Prison Theatre
nytheatre.com review by Jo Ann Rosen
July 28, 2009
Prison Theatre, a Midtown International Theatre Festival offering written by Gabor Harsanyi, begins with an intriguing concept, and descends fairly quickly into a playwright's nightmare: looping. Round and round it goes covering the same ground with one anecdote, then another and then still another, without gaining much traction in the 80 minutes allotted. This is a shame since the plot is heavy with potential and the two actors periodically show signs of genuine talent.
The play begins when a young actor is thrown into a prison cell with an old timer who has spent the last ten years in solitary confinement. The actor unleashes his fantasy world before an imaginary audience, and invites the old timer to participate. Before long, the old timer demands not only the leading roles, but the role of director as well. The actor, who values discipline and talent, refuses. The situation gets nasty, and the play-acting becomes less a game and more about who dominates whom.

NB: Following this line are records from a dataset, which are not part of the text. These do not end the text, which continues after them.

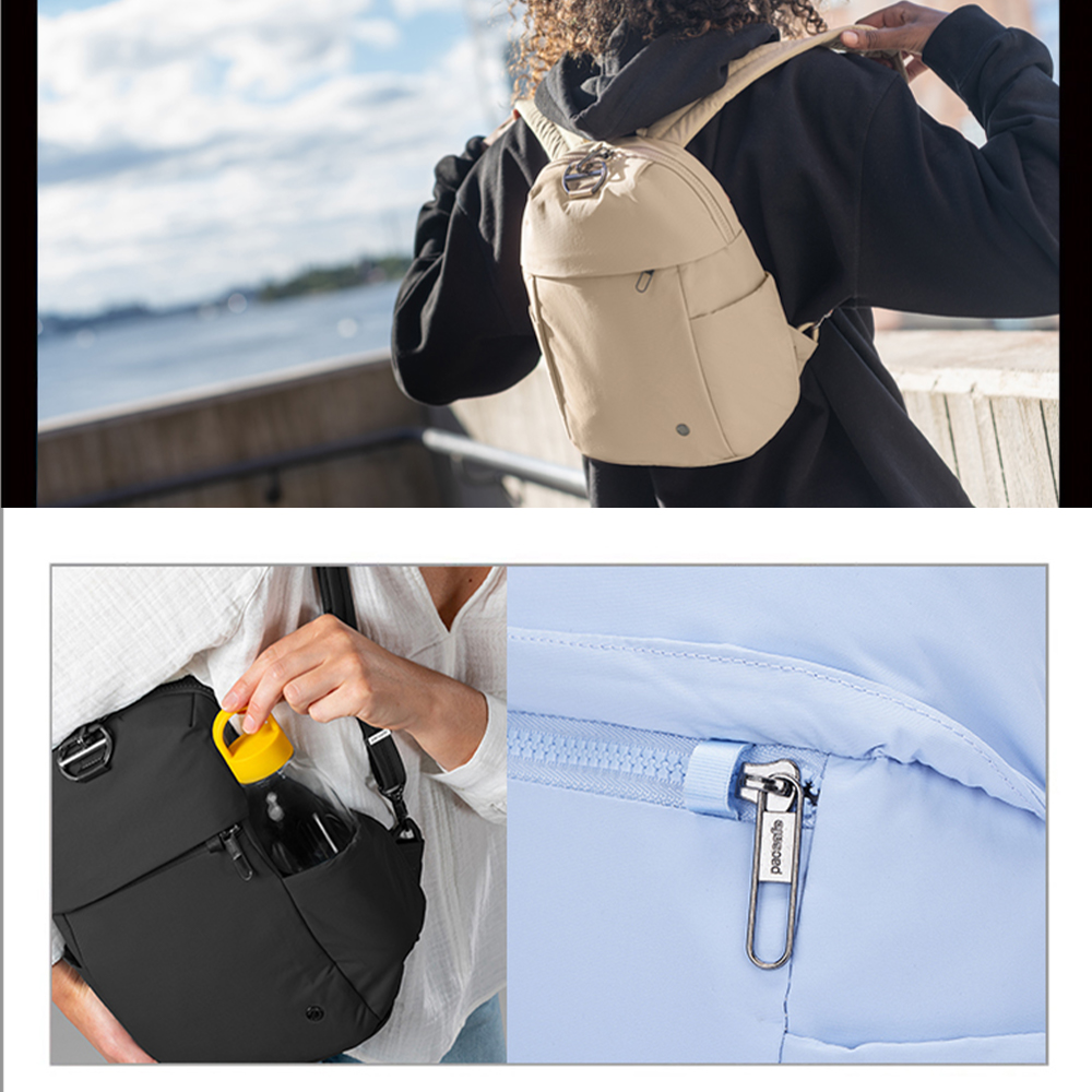 + 防盜拉鍊與扣環(Smart Zipper Security) 能鎖定袋口拉鍊,讓宵小知難而退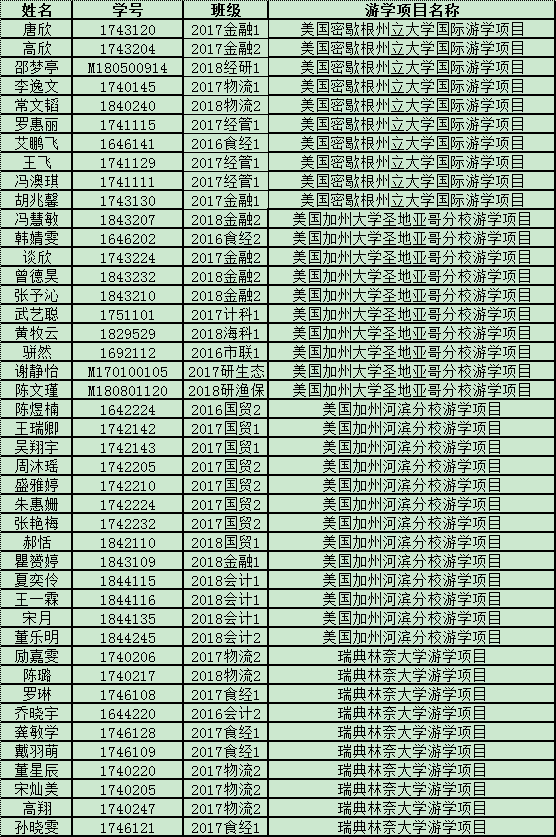 经报名、筛选,现公示bet36365路检测中心2019年暑期游学项目学生名单如下,如有问题,请反馈。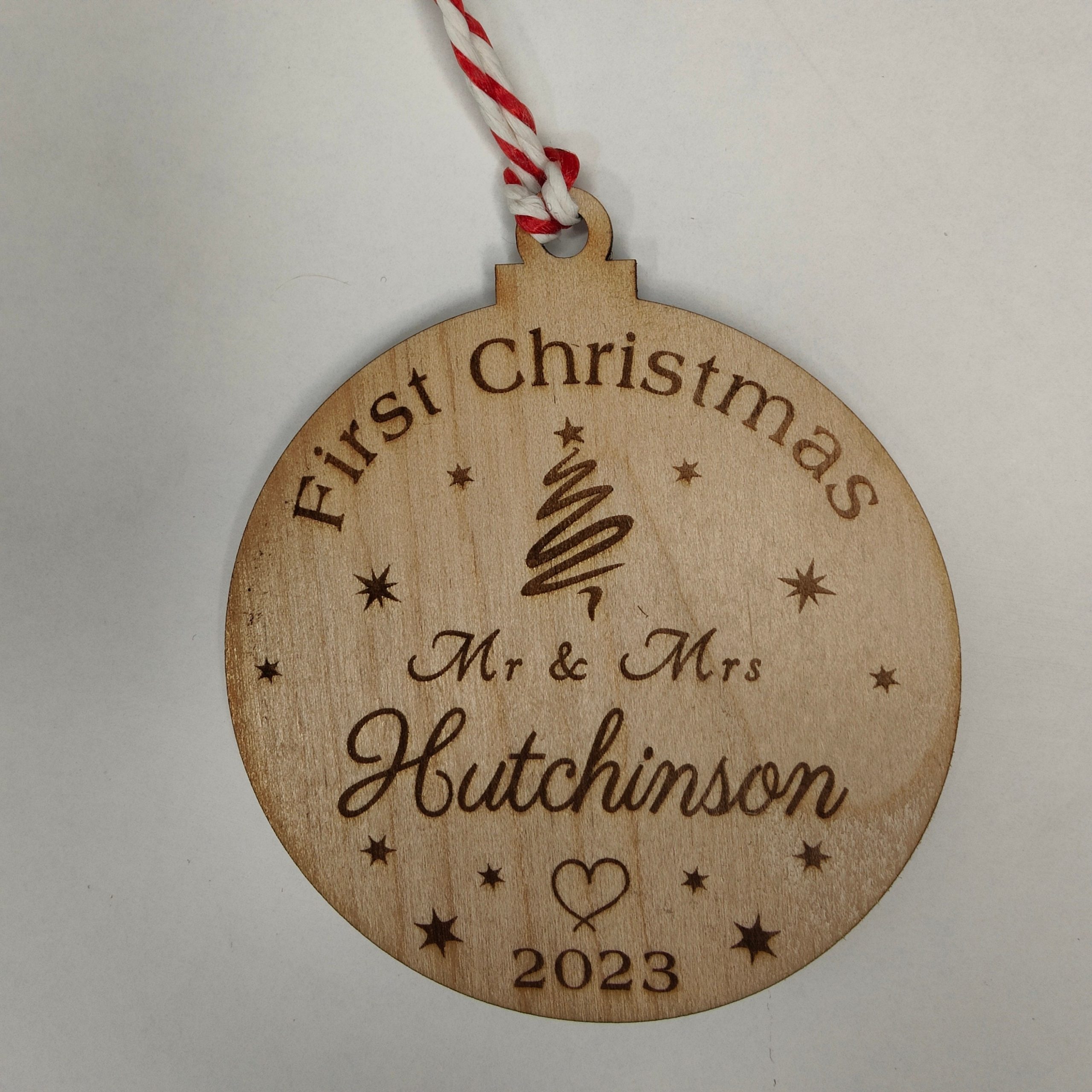 This Tree ornament makes a fantastic addition to any Christmas trees to remember your first Christmas as a couple. Can also include alternate couple genders such as Mr & Mr, Mrs & Mrs or be used as an Xmas wall Ornament. High quality wooden Xmas tree decoration personalised with any name or alternative, The perfect for any size Christmas tree.

Harsanyi buries us in irrelevant detail. One prisoner is Israeli and the other Hungarian. This goes nowhere other than to give the Hungarian license to yell two angry expletives at the Israeli. Various scenarios are acted out—about Hitler, a frustrating recitation of a poem in an acting class, an abbreviated scene from Othello, an evening in a strip joint, and many more—none of which advances the plot. Domination transfers back and forth from one prisoner to the other, although the dramatic events that trigger the transfers are not clear. It's a set-up without the payoff. The journey from fantasy to grim reality trades in threats, humiliation, and the prospect of torture. The problem is not the seriousness of these subjects, but that the playwright has not sculpted the storyline so that they naturally fall into place. Less important, but perhaps worth noting, is the lack of a program identifying the actors.